You already understand from instruction set architecture that a processor executes binary-encoded instructions, each specifying an operation and its operands. Assembly language is the human-readable face of these binary instructions: instead of writing `0000 0000 1010 0000 0010 0000 0010 0000` you write `add $a0, $a1, $zero`. Every assembly instruction maps to exactly one machine instruction (or, in some assemblers, a small fixed expansion called a pseudo-instruction). This one-to-one correspondence is what distinguishes assembly from higher-level languages — there is no abstraction layer, no optimization step, and no hidden behavior.
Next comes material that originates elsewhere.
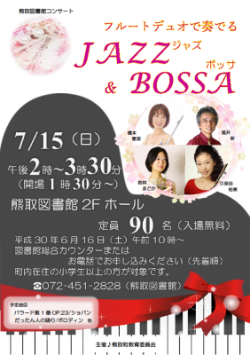 フルート2本とピアノ、パーカッションでジャズやボサノバなどの演奏です♫
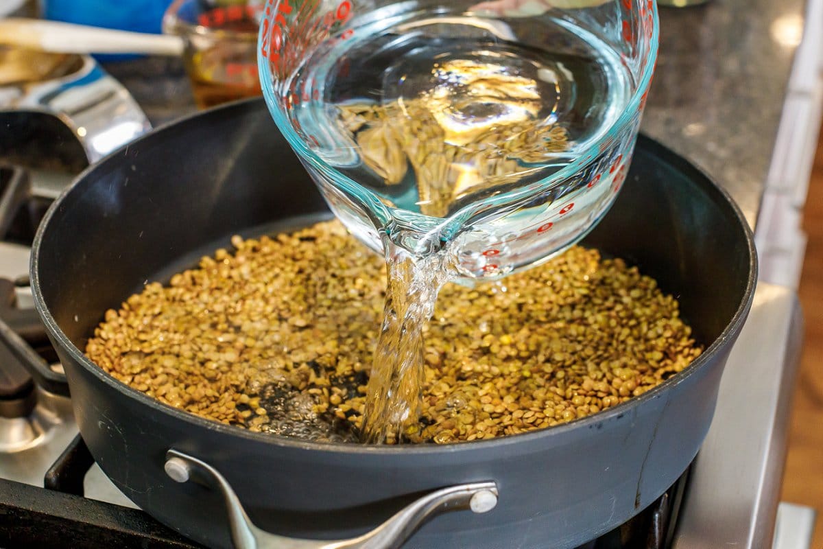 - Add lentils and water to the same pan and boil for 15 minutes, uncovered.

An assembly program operates on a small, fixed set of registers — fast storage locations built directly into the CPU. A typical RISC architecture provides 32 general-purpose registers, each holding one word (32 or 64 bits). Instructions move data between registers, perform arithmetic on register contents, and transfer data between registers and memory. The key insight is that almost all computation happens in registers; memory is only accessed through explicit load and store instructions. This load-store model keeps the instruction set simple and the hardware fast.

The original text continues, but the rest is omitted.